Thursday, 28 May 2020


I was recently asked about Jiyu Ippon Kumite in the 
国際空手道松濤館(International Karate Shotokan
 So, I thought I would address this today. Before briefly describing the three stages implemented, I need to say that there are many other forms of Jiyu Ippon. Nevertheless, stage one to three, are the standard forms as established by my seniors; in particular, my late mentor Asai Tetsuhiko Sensei. Interestingly enough, no one else seems to be following this methodology, which sadly shows that the past knowledge is being erased.
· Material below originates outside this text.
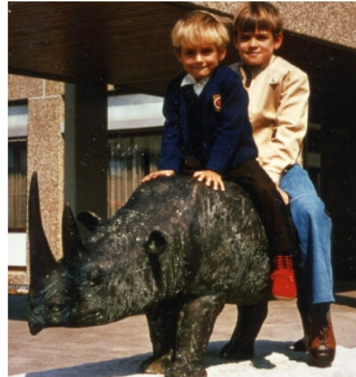
Nashorn vor dem Augustinum (Oktober 1973)

Vor jedem Besuch mussten wir einmal auf das Nashorn sitzen. Inzwischen ist der Rücken blank poliert.
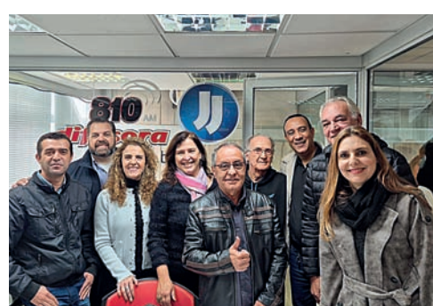
Funcionários da Rádio Difusora comemoraram os 80 anos

This is because of the predominance of sports karate.



STAGE ONE: The first time one must formally demonstrate Jiyu Ippon Kumite is when one attempts the examination for Nikyu (2nd kyu brown belt).
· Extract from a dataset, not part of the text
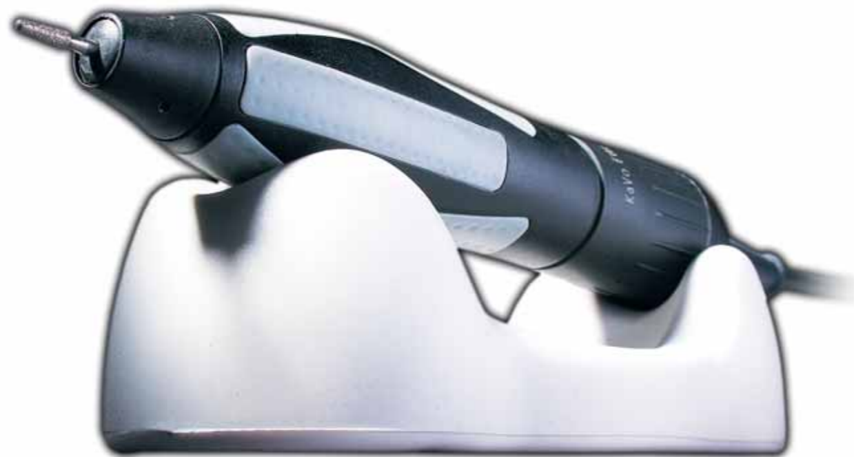
Sieht nicht nur gut aus, sondern ist auch mit einem Griff einsatzbereit: die K-POWERgrip in der platzsparenden Handstückablage.

The focus at this stage is that the karateka forms a kamae and natural jiyu-dachi; furthermore, that they apply the fundamentals developed in Gohon Kumite and Kihon Ippon Kumite. What matters the most is firstly: “…the seamless connection between the freestyle position, and formal/classical technique and stance—then immediate return to the freestyle position” (Ref. - T. Asai). And secondly, strong kihaku (fighting spirit), kiai in both attack and counterattack, and vigilant zanshin (Ref. - M. Tanaka, N Iida, Y. Osaka).

The attacks (all of which are announced by the designated attacker) are: JODAN (Jodan oi-zuki), CHUDAN (Chudan oi-zuki), MAE-GERI (Chudan mae-geri keage), YOKO-KEKOMI (Chudan yoko-geri kekomi), CHUDAN MAWASHI-GERI or JODAN MAWASHI-GERI and USHIRO-GERI (Chudan ushiro-geri kekomi). At this stage it is recommend to mostly counter with gyaku-zuki in order to develop deeper skill levels: especially pertaining to the control of maai.

STAGE TWO: With the aspects of stage-one still being intensely worked on, as mentioned about counterattacks, it is now possible to diversify. However, (as in Kihon Ippon Kumite, to pass from 2nd to 1st Kyu) one must use the most effective technique (from precisely where they are) after receiving—blocking/parrying/covering—the attack. At this stage it is now possible to also use simultaneous uke and counterattack, deai-waza, and so forth.

Irrespective of the technique, spontaneity is imperative at this point with ever growing kihaku and zanshin. Stage two is the blood and bones of Jiyu Ippon Kumite training, which sets the stage for the rest of one’s future karate practice.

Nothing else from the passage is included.